**Work instruction:** The goal is a clean copy of all the data below, with pictures dropped and everything else retyped exactly.

**Raw data:**
○ ○ ○ ○ ○ ○ ○

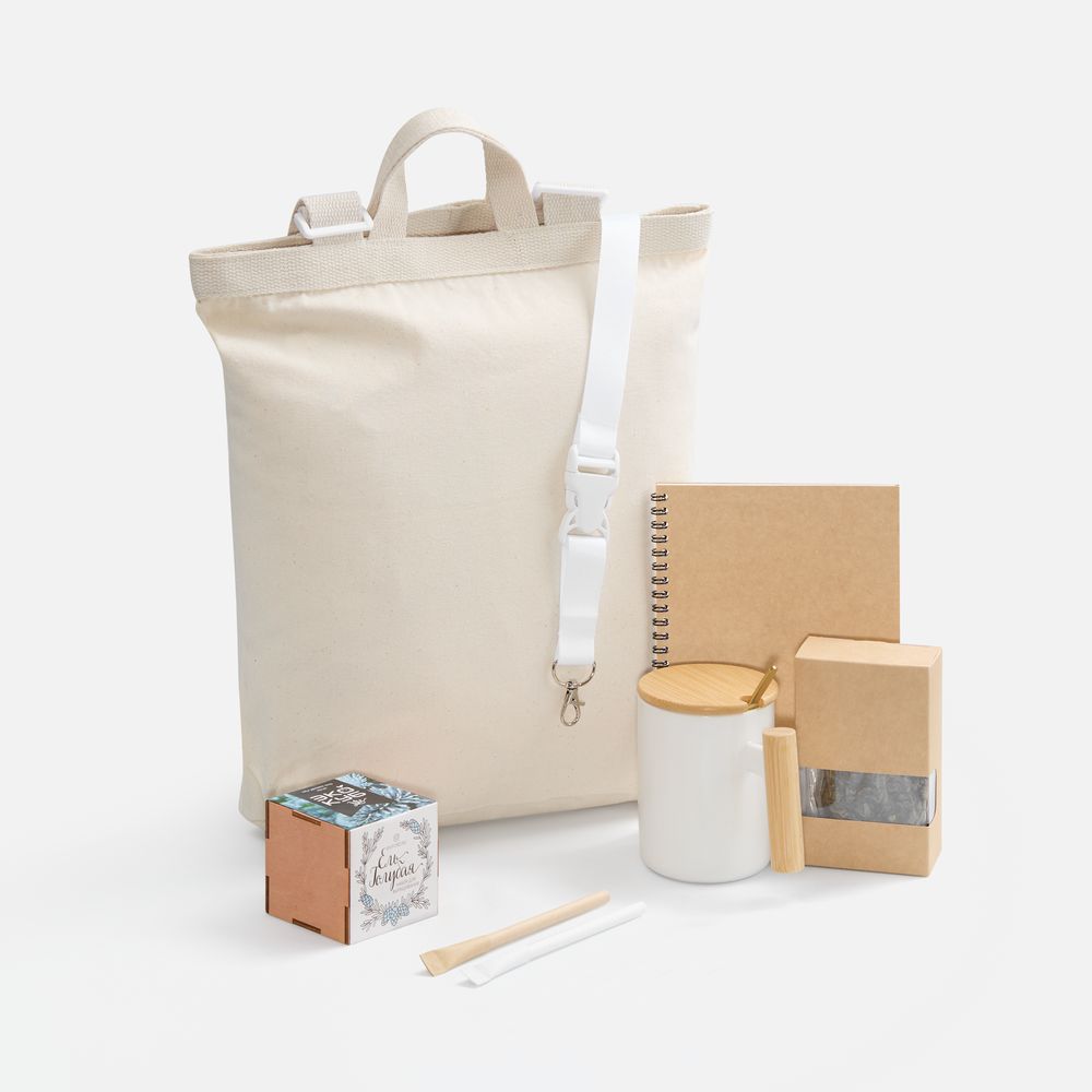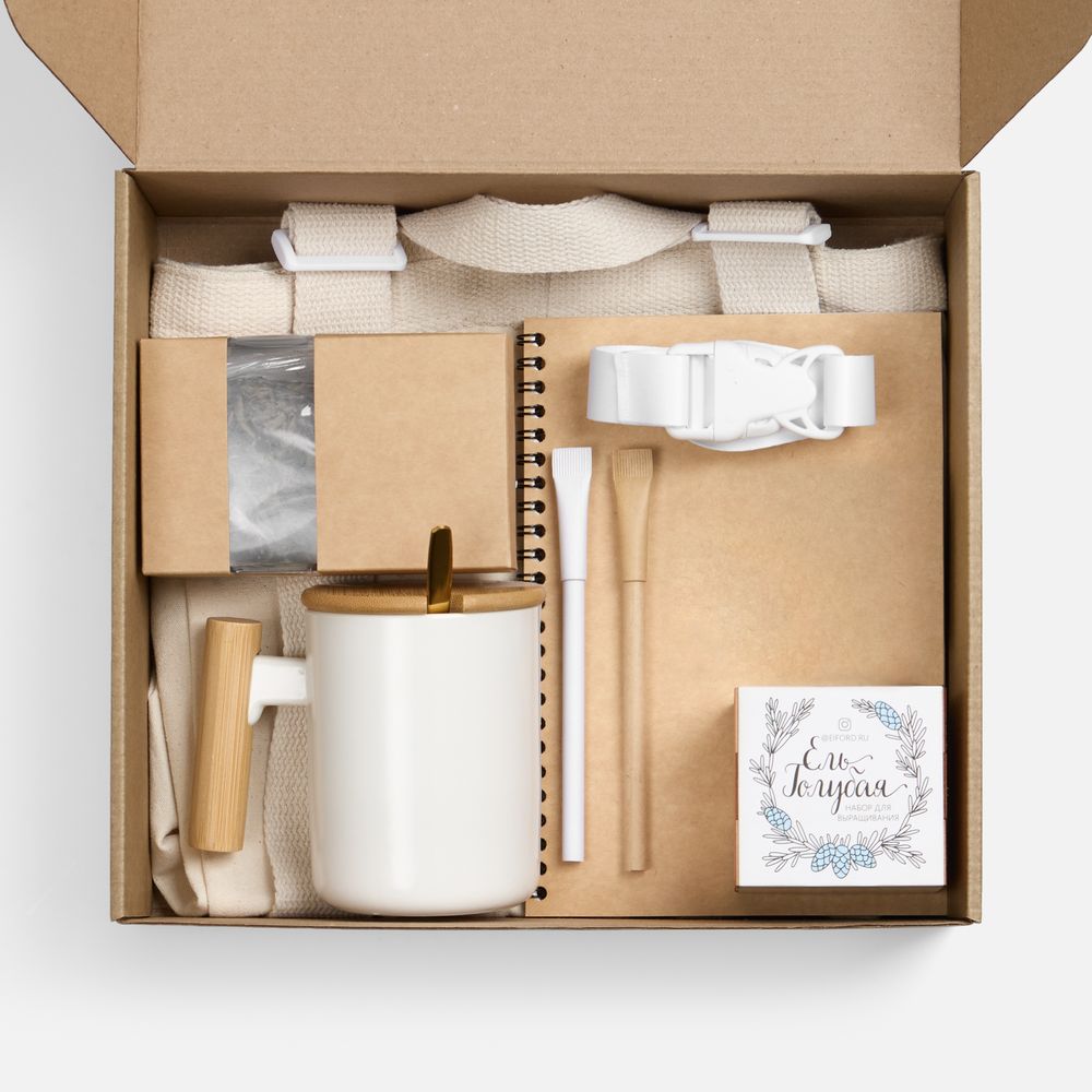 | Материал | рюкзак - хлопок, плотность 280 г/м²; кружка - керамика, ручка - бамбук; ложка - нержавеющая сталь; Набор для выращивания - дерево; блокнот, ручка - картон; коробка - микрогофрокартон, Т-23Е; лента - нейлон, пластик; металл |
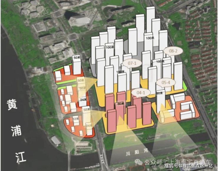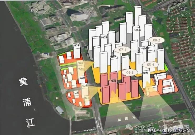 04-1地块住宅下限为1010套,限高80米。 同样有40%中小套型要求,100%全装修,无租赁用房/保障房。占地面积4.19万㎡,容积率2.9。 规划高层住宅,中高区可瞰黄浦江景。
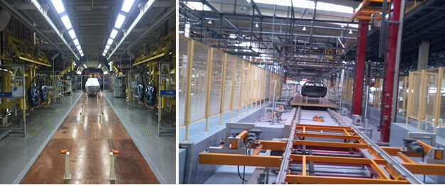 滑板式輸送機由滑板、摩擦驅(qū)動組成。主驅(qū)動利用摩擦驅(qū)動輪驅(qū)動滑板兩側(cè),該滑板靠此推力又將前面的滑板向前推送,這樣就形成連續(xù)輸送?;遢斔蜋C同時移動車身和進(jìn)行裝配的操作工人,使工人在裝配工序的操作更加容易。

○ ○ ○ ○ ○ ○ ○

**Completed task:**
 | Материал | рюкзак - хлопок, плотность 280 г/м²; кружка - керамика, ручка - бамбук; ложка - нержавеющая сталь; Набор для выращивания - дерево; блокнот, ручка - картон; коробка - микрогофрокартон, Т-23Е; лента - нейлон, пластик; металл |
 04-1地块住宅下限为1010套,限高80米。 同样有40%中小套型要求,100%全装修,无租赁用房/保障房。占地面积4.19万㎡,容积率2.9。 规划高层住宅,中高区可瞰黄浦江景。
 滑板式輸送機由滑板、摩擦驅(qū)動組成。主驅(qū)動利用摩擦驅(qū)動輪驅(qū)動滑板兩側(cè),該滑板靠此推力又將前面的滑板向前推送,這樣就形成連續(xù)輸送?;遢斔蜋C同時移動車身和進(jìn)行裝配的操作工人,使工人在裝配工序的操作更加容易。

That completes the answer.